M.J.Iuppa lives on a small farm near the shores of Lake Ontario. Poems forthcoming in The Comstock Review, The Puckerbrush Review, The Hurricane Review, miller’s pond and The Centrifugal Eye; in the upcoming anthologies: From the Other World: Poems in Memory of James Wright, edited by Bruce Hendricksen and Robert Johnson, Lost Hills Books (12/07); Eating the Pure Light, Poems honoring Thomas McGrath, edited by John Bradley, Backwaters Press (2008); The Poets Guide to The Birds, edited by Judith Kitchen and Ted Kooser, Anhinga Press (2008); Beyond Forgetting: Poetry and Prose about Alzheimer’s Disease, edited by Holly Hughes, Kent State UP (2008); a lyrical essay forthcoming in Gulf Coast and a poetry review in Tar River Poetry. In November 2007, she presented a workshop, “Wonder and the Lyric Essay” at Winter Wheat Festival of Writing, at Bowling Green State University, Bowling Green, Ohio. She is Writer-in-Residence and Director of the Arts Minor Program at St. John Fisher College.
Cindy Lens was born and raised in the Worcester area, and currently lives in New Hampshire with her husband, her son, and her chocolate lab. She earned a BA in English from University of New Hampshire.
Emily E. Schulten is currently a graduate student in poetry at Georgia State University, and teaches English at Griffin Technical College. She received her BA and MA in creative writing from Western Kentucky University in 2002 and 2004, respectively.

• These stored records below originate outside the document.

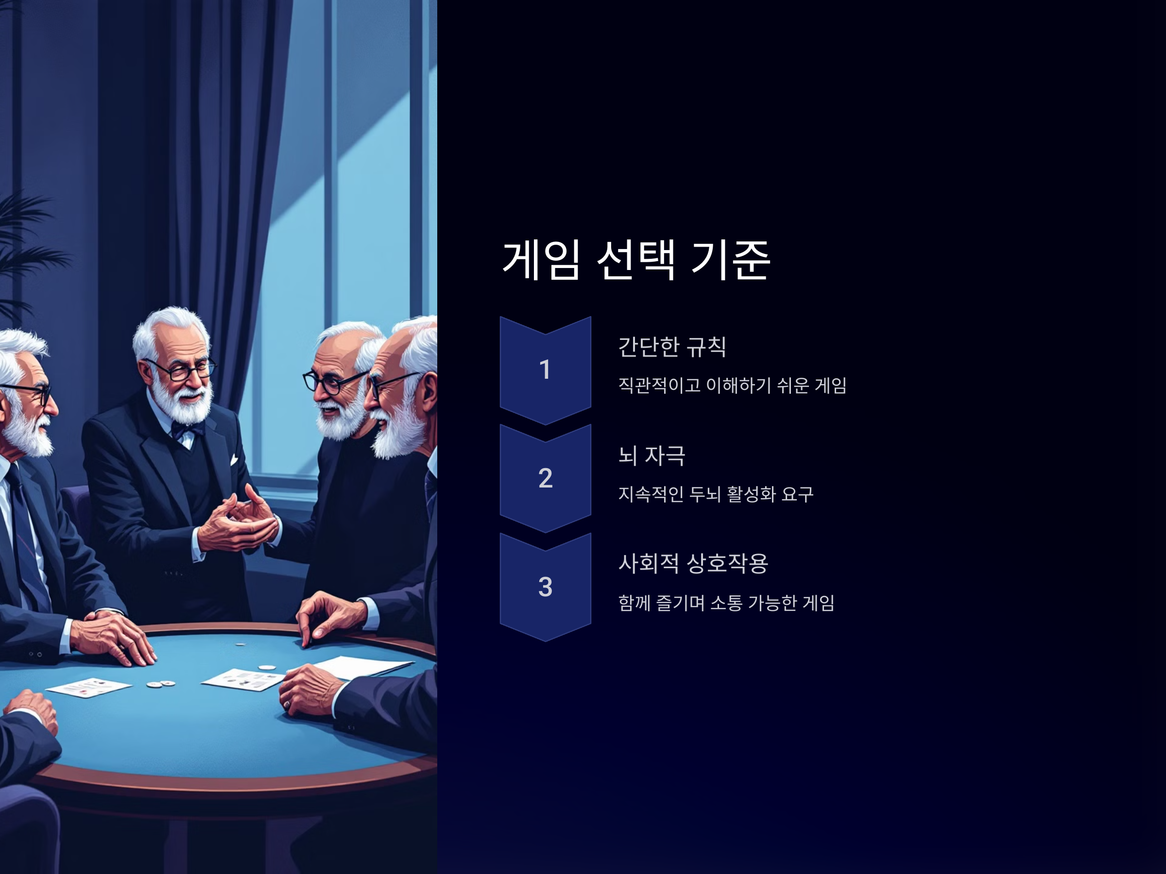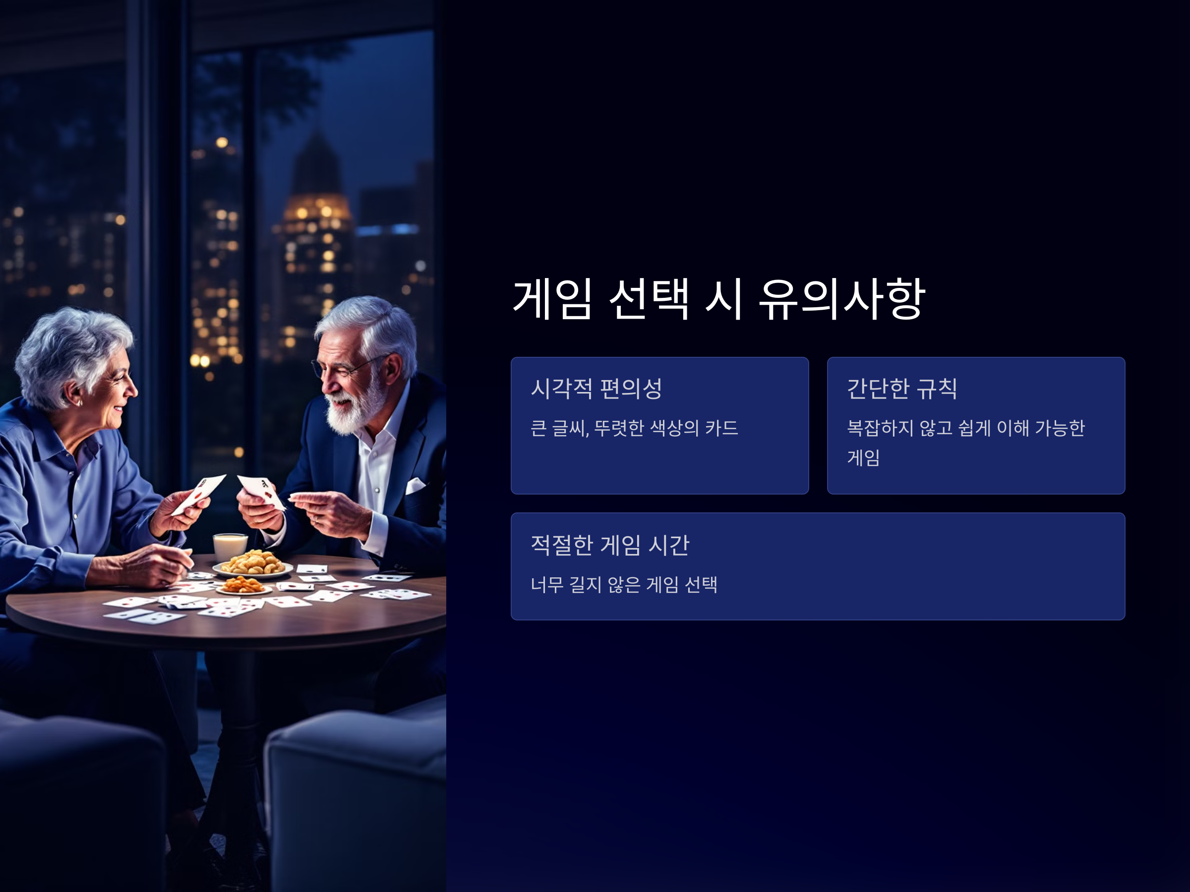 게임을 시작하는 데 어려움이 없어야 하며, 규칙이 직관적일수록 좋습니다. 게임의 룰을 쉽게 이해할 수 있는 게임이 노인에게 적합합니다. 또한, 게임을 진행하면서 스트레스를 받지 않도록 적절한 난이도가 중요합니다.
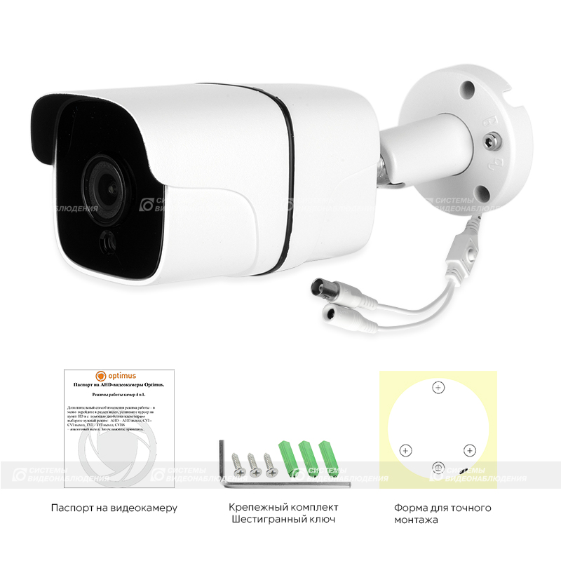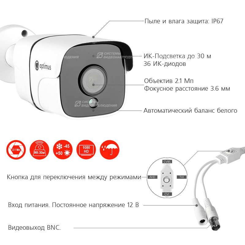 AHD-H012.1(3.6)_V.3 уличная камера видеонаблюдения Optimus; 1/2.9" 2.1Мп CMOS Sony IMX323; (1920х1080); объектив фиксированный 3.6 мм; ИК-подсветка 30 м, 36 Ик-диода; D-WDR; цв. белый; корпус антивандальный; IP67; от -45°С до +50°С; 193х62 мм; 256 г.
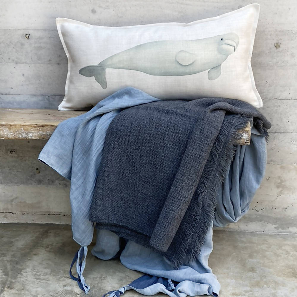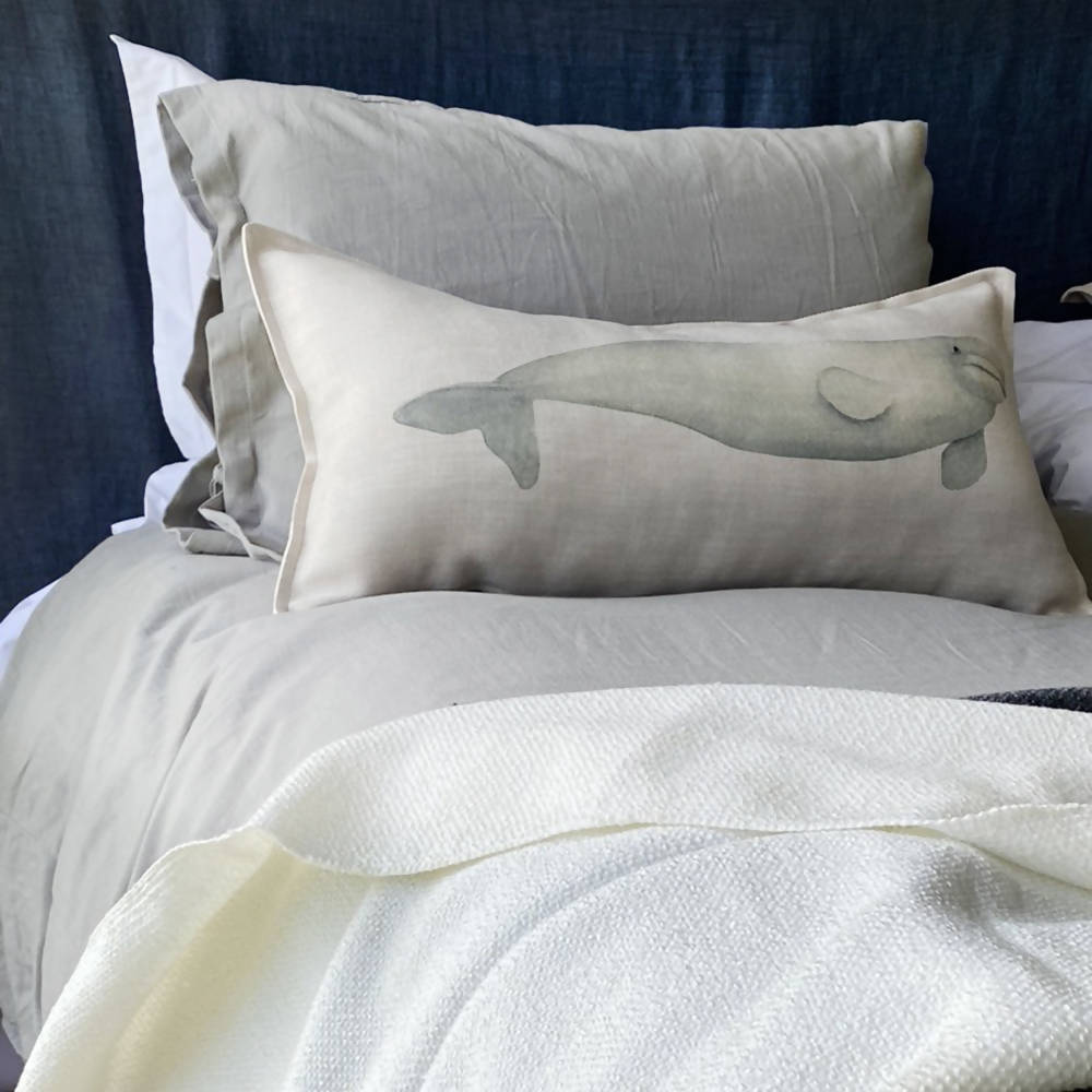 Precioso cojín en Linet (lino con poliéster) crudo estampado de 70x35 cm.
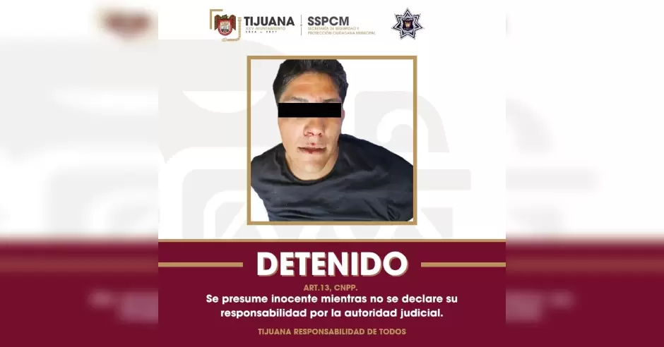 TIJUANA.- La Secretaría de Seguridad y Protección Ciudadana Municipal (SSPCM), en coordinación con la Fuerza Estatal de Seguridad Ciudadana (FESC), aseguró al presunto responsable causante de una persecución por diversas avenidas de la Zona Río; detenido por el delito de portación de arma de fuego.
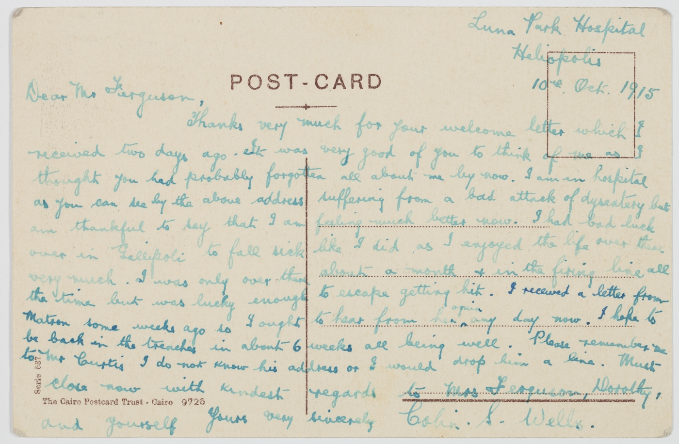 Thank you very much for your welcome letter which I received two days ago – It was very good of you to think of me as I thought you had probably forgotten all about me by now. I am in hospital as you can see by the above address suffering from a bad attack of dysentery but am thankful to say that I am feeling much better now. I had bad luck over in Gallipoli to fall sick like I did as I enjoyed the life over there very much. I was only over there about a month & in the firing line all the time but was lucky enough to escape getting hit. I received a letter from Matron some weeks ago so I ought to hear from her again any day now. I hope to be back in the trenches in about 6 weeks all being well. Please remember me to Mr Curtis I do not know his address or I would drop him a line. Must close now with kindest regards to Mrs Ferguson, Dorothy, and yourself. Yours very sincerely Colin. S. Wells.
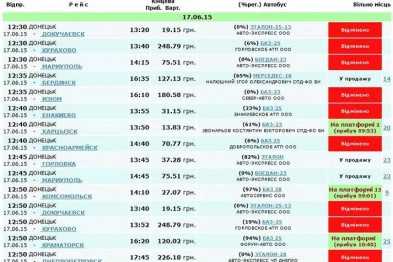 Как видно, из Донецка можно выехать автобусами в оккупированные боевиками Горловку, Енакиево. Из контролируемых силовиками городов донецкие автобусы пока принимают Краматорск, Константиновка, Мариуполь и Бердянск.
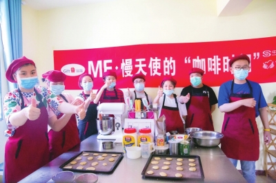 自闭症孩子在这里,不仅能学习社交礼仪,更能煮咖啡、做烘焙、做手工、组乐队、演话剧等,“我们帮扶过的自闭症患者从几个月到中年人都有,年龄跨度比较大,在这里每周我们都会组织不一样的活动,比如骑行、表演非洲鼓,也会学习社会技能,比如点餐、社交礼仪等,这些都是免费的。”
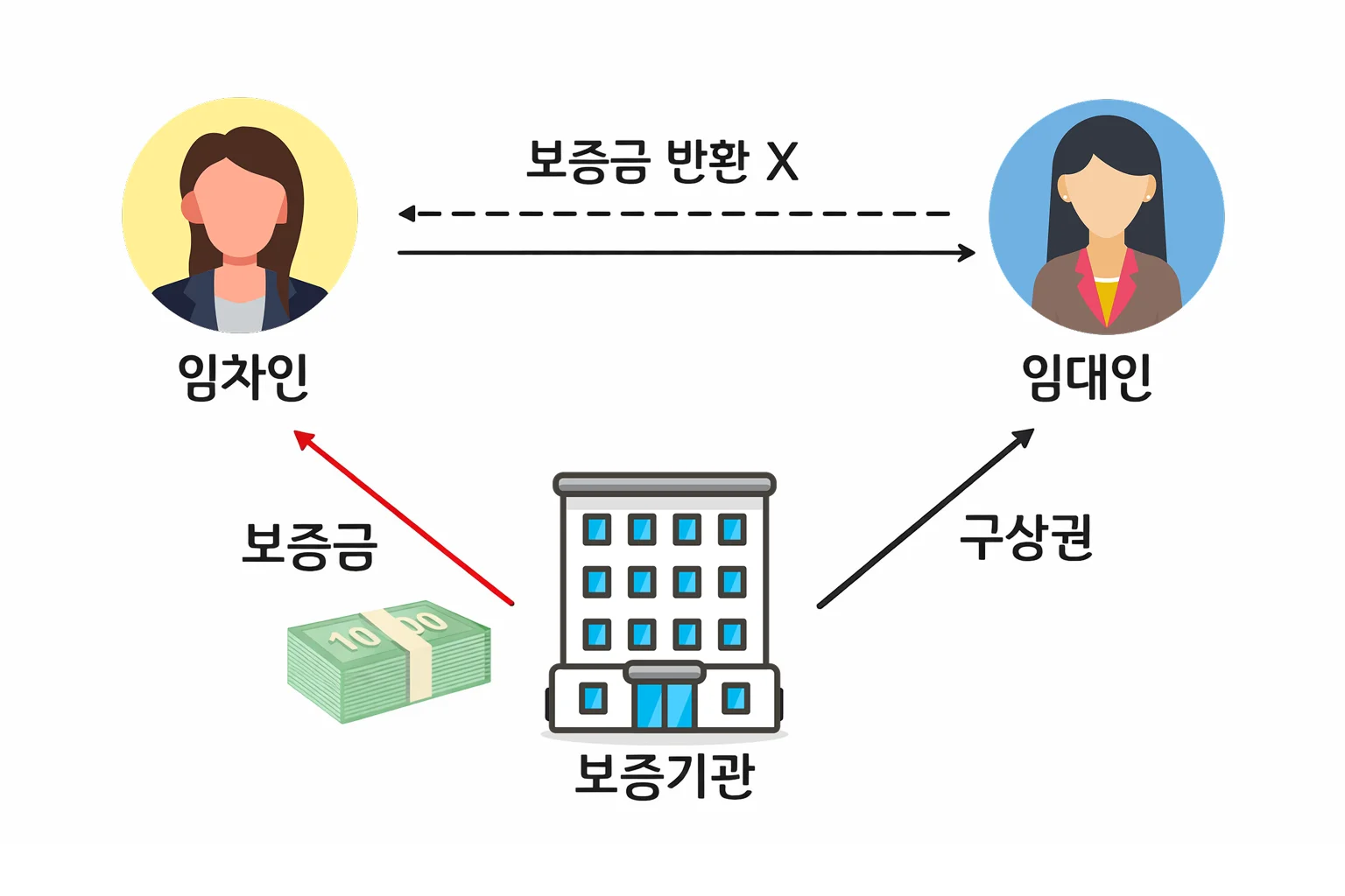 전세보증보험(전세보증금 반환보증)은 집주인이 보증금을 못 돌려줄 때 보증기관이 먼저 세입자에게 지급하고, 이후 보증기관이 집주인에게 구상권을 행사하는 구조예요.

Ann Walters lives in the Pacific Northwest. Her poetry has appeared or is forthcoming in Poet Lore, Cider Press Review, Poetry International, Ballard Street Poetry Journal, Orbis, and many others. She has been nominated for a Pushcart Prize and was a shortlist finalist in the 2007 LICHEN Tracking, a Serial Poet competition.
Christian Ward is a 27 year old London based poet who has just finished a degree in English Literature & Creative Writing from Roehampton University, London. His poetry has appeared in journals such as Cider Press Review, Poetry Salzburg Review and is forthcoming in the Kenyon Review.
Angela Veronica Wong has appeared in Barrow Street, Court Green, and Women Studies Quarterly.